Data provided below:
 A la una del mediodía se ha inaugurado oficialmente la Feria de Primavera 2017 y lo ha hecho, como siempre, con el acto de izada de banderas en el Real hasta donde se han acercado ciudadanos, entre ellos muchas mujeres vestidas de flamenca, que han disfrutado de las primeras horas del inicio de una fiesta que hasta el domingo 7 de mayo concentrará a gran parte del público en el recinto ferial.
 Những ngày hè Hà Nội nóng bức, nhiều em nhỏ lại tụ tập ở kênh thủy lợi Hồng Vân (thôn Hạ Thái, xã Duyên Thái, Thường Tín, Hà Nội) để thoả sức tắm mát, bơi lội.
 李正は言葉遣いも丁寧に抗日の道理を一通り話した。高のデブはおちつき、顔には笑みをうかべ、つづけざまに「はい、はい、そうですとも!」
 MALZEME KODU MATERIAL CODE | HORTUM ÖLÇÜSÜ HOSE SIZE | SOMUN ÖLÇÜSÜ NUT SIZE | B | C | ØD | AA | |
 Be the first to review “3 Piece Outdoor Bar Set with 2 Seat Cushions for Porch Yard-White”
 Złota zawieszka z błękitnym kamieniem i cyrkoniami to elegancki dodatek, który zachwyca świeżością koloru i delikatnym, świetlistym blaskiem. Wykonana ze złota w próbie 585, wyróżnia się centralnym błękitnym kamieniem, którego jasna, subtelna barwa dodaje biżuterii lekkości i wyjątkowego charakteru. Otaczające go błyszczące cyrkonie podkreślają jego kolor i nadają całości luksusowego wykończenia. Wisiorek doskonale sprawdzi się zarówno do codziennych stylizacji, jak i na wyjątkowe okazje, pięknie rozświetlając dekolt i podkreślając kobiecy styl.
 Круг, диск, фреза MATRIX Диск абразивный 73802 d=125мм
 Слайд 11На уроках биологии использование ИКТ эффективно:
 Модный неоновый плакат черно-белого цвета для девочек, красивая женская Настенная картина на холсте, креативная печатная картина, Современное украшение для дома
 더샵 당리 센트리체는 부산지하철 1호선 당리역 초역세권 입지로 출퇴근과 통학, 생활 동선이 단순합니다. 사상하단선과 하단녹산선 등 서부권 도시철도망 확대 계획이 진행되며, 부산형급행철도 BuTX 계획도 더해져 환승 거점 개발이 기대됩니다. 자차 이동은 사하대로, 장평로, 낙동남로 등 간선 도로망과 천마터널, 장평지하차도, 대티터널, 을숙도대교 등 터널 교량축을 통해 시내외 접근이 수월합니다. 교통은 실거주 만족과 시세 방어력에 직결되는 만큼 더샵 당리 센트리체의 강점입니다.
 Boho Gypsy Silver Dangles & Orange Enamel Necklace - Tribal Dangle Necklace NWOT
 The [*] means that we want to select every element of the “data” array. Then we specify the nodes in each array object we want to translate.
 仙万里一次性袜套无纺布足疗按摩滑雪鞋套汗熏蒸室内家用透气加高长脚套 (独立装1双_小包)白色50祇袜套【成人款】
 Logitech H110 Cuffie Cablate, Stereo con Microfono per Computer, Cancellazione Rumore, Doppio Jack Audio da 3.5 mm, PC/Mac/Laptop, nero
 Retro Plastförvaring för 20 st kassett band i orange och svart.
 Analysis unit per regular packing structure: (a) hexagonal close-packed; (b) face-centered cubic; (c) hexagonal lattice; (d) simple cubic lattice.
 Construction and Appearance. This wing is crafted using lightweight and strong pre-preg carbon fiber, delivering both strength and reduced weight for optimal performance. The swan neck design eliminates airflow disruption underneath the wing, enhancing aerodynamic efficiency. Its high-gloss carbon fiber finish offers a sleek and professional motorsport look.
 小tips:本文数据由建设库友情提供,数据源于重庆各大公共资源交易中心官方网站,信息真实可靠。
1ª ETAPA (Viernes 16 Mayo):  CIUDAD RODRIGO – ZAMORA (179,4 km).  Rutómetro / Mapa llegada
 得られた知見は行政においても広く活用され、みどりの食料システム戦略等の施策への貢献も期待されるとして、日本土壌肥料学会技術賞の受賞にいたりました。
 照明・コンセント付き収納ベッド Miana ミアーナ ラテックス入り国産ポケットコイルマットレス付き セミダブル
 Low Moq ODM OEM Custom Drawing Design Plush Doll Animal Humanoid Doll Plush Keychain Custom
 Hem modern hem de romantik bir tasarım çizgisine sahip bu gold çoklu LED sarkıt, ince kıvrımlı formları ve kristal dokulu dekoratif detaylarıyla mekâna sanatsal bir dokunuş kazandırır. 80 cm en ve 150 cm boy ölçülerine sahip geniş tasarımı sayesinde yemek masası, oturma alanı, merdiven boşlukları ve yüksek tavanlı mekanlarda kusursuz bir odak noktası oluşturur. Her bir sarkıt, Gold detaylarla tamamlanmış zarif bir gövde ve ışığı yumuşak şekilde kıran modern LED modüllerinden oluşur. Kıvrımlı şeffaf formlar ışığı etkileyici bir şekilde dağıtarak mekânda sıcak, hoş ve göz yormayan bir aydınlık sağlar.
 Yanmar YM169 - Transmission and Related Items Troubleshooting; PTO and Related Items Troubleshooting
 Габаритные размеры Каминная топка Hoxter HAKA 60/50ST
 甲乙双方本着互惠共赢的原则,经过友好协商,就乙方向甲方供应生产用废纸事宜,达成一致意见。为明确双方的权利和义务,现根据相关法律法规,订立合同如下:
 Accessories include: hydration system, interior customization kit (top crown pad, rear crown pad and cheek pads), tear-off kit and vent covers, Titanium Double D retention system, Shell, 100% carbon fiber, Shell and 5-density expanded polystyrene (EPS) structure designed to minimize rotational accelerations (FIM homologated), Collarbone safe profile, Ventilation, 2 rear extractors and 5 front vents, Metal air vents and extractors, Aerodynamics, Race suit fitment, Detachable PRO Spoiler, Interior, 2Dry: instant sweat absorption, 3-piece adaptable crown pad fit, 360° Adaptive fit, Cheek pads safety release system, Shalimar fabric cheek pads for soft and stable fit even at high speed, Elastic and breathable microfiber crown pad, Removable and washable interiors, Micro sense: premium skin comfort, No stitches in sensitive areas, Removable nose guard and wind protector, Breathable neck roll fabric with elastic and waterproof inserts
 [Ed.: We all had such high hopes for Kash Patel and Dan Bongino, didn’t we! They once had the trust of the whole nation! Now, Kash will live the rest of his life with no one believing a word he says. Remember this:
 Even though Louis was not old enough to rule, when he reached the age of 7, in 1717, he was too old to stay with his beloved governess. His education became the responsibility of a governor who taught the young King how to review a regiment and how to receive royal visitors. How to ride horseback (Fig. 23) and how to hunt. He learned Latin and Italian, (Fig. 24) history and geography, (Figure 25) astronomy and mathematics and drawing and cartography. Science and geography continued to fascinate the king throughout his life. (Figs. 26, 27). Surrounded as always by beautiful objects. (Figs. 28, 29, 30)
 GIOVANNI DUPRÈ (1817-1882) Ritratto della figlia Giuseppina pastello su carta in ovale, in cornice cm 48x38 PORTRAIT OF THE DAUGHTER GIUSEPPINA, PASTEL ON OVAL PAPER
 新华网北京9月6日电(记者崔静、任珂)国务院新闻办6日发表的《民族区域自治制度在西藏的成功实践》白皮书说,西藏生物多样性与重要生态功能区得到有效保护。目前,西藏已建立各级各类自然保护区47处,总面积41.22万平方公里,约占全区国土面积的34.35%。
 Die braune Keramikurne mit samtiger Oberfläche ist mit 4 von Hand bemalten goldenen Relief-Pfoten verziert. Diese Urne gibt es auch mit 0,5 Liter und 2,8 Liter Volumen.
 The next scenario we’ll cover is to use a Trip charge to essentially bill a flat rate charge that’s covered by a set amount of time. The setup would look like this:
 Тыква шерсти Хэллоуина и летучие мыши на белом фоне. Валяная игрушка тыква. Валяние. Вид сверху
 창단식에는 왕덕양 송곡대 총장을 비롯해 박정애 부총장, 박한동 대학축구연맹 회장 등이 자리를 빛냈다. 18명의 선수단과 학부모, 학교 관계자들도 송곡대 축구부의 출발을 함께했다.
End of Data provided.
Quote the listing above from its first line to the line with "Złota zawieszka z", inclusive, and add nothing.

Task result >>
 A la una del mediodía se ha inaugurado oficialmente la Feria de Primavera 2017 y lo ha hecho, como siempre, con el acto de izada de banderas en el Real hasta donde se han acercado ciudadanos, entre ellos muchas mujeres vestidas de flamenca, que han disfrutado de las primeras horas del inicio de una fiesta que hasta el domingo 7 de mayo concentrará a gran parte del público en el recinto ferial.
 Những ngày hè Hà Nội nóng bức, nhiều em nhỏ lại tụ tập ở kênh thủy lợi Hồng Vân (thôn Hạ Thái, xã Duyên Thái, Thường Tín, Hà Nội) để thoả sức tắm mát, bơi lội.
 李正は言葉遣いも丁寧に抗日の道理を一通り話した。高のデブはおちつき、顔には笑みをうかべ、つづけざまに「はい、はい、そうですとも!」
 MALZEME KODU MATERIAL CODE | HORTUM ÖLÇÜSÜ HOSE SIZE | SOMUN ÖLÇÜSÜ NUT SIZE | B | C | ØD | AA | |
 Be the first to review “3 Piece Outdoor Bar Set with 2 Seat Cushions for Porch Yard-White”
 Złota zawieszka z błękitnym kamieniem i cyrkoniami to elegancki dodatek, który zachwyca świeżością koloru i delikatnym, świetlistym blaskiem. Wykonana ze złota w próbie 585, wyróżnia się centralnym błękitnym kamieniem, którego jasna, subtelna barwa dodaje biżuterii lekkości i wyjątkowego charakteru. Otaczające go błyszczące cyrkonie podkreślają jego kolor i nadają całości luksusowego wykończenia. Wisiorek doskonale sprawdzi się zarówno do codziennych stylizacji, jak i na wyjątkowe okazje, pięknie rozświetlając dekolt i podkreślając kobiecy styl.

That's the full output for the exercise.